Solidão, rejeição e privacidade na relação de casal

Solange Maria Rosset

 

No momento em que as pessoas casam, levam para o relacionamento experiências emocionais arraigadas desde a época da infância, que determinam o seu modo de reagir às situações. É importante que se tenha consciência desse fato para poder compreender melhor o outro e procurar negociar com ele formas de convivência menos conflituosas e mais prazerosas.

 

Todos aprendemos a lidar com questões relacionais básicas em nossa família de origem. Essas aprendizagens ficam inseridas no funcionamento de cada pessoa, ainda que ela tenha pouca ou nenhuma consciência disso. Na vida adulta, quando se iniciam os relacionamentos afetivos e conjugais, tudo aquilo que ficou gravado no íntimo dos parceiros reaparece na forma de comportamentos, desejos e sofrimentos. É o caso das emoções e experiências relacionadas ao manejo da privacidade, da solidão e da rejeição.

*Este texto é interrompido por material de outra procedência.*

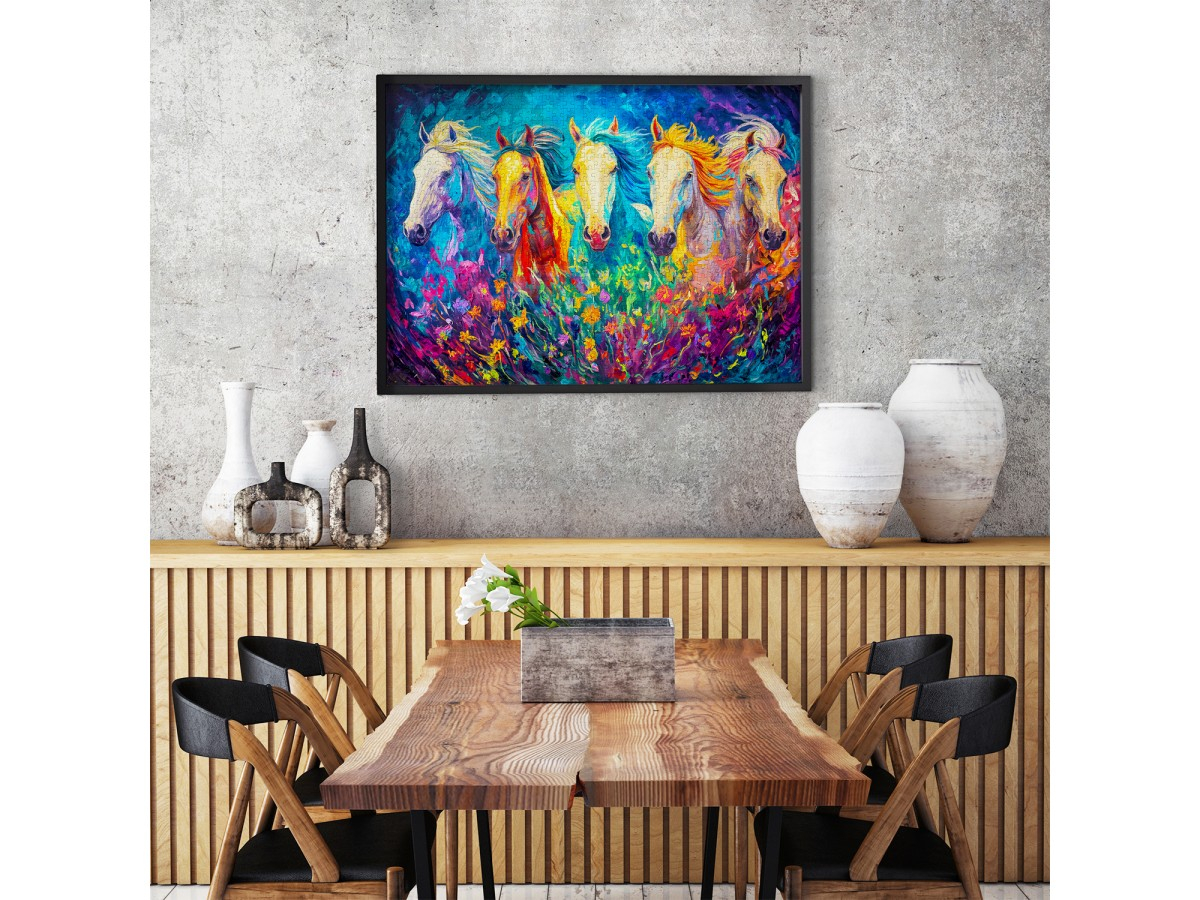 Simte energia si libertatea cu Puzzle 1000 piese Enjoy – Bright Galloping! Aceasta imagine spectaculoasa surprinde o herghelie de cai galopand printre culori vibrante, intr-o compozitie artistica plina de miscare si emotie. Ideal pentru pasionatii de puzzle-uri si iubitorii de natura, acest model combina dinamismul, culoarea si relaxarea intr-o experienta vizuala de neuitat.

Mesmo sabendo que não existe um jeito correto de administrar esses sentimentos, cada um dos envolvidos reage a eles da maneira aprendida na infância como se fosse a melhor –  e sofre ou se queixa quando o parceiro tem outra forma de reagir.

Na maioria das famílias não é comum ensinar às crianças que rejeição é um aspecto relacional inevitável e importante, mas sempre uma coisa ruim, que machuca, e, portanto, deve ser evitada. O resultado é que elas chegam à vida adulta com muito receio de serem rejeitadas e de rejeitar. Se tivessem aprendido que esses sentimentos são naturais, que são até mesmo um direito relacional, e não encobrem maldade, safadeza ou desamor, teriam mais chance de se relacionar amorosamente sem tanto receio de serem tomadas por eles. Quando fossem rejeitadas saberiam que naquele momento o outro estava apenas querendo ficar só, dedicar-se a alguma atividade. E, quando elas mesmas não estivessem disponíveis, explicitariam seu desejo com sinceridade, com afeto e sem culpa. Rejeitar e ser rejeitado seriam só mais alguns aspectos da relação, que poderiam ser discutidos abertamente.

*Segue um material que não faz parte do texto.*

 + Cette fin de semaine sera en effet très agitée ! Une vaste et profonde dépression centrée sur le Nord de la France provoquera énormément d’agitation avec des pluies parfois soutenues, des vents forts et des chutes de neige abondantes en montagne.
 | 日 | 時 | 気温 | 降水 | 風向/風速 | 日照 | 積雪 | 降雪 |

A maneira de encarar a solidão também depende do que foi aprendido no funcionamento da família, além, claro, da personalidade e das características de cada indivíduo. Se os parceiros aprenderam que ficar só é uma forma de se fortalecer e se reorganizar, vão levar isso para a relação. Haverá, então, momentos de isolamento de cada um e isso não representará risco. Ao contrário. As pausas na convivência poderão ser usadas para avaliações da relação e da forma como se desenvolve. Agora, se a necessidade de ficar só for de apenas um dos parceiros e trouxer fantasmas negativos de solidão, de rejeição e de abandono para o outro, este poderá sofrer, pois não compreenderá o desejo de sua cara-metade e terá dificuldade de fazer bom uso da própria solidão e recolhimento.

Da mesma forma, a necessidade de privacidade pode acabar se tornando um problema para o casal. Se o costume é dividir tudo, saber tudo do outro, o conflito pode surgir se um dos dois colocar algum limite nesse padrão. A intimidade que se tem ao virar casal é um elemento importante para experiências prazerosas, mas precisa ser permeada pelo respeito à privacidade. A invasão dela pode passar pela leitura de emails do outro, pelo controle do celular, por perguntas insistentes sobre o uso do tempo, enfim, pela necessidade constante de saber mais e mais sobre tudo que o parceiro faz, pensa ou conversa.

A consciência de que cada um pode ter desejos e necessidades diferentes do outro nos aspectos abordados aqui é fundamental para que um casal negocie formas de aproveitar melhor as chances que tiver para aprofundar a relação e se sentir melhor no convívio mútuo.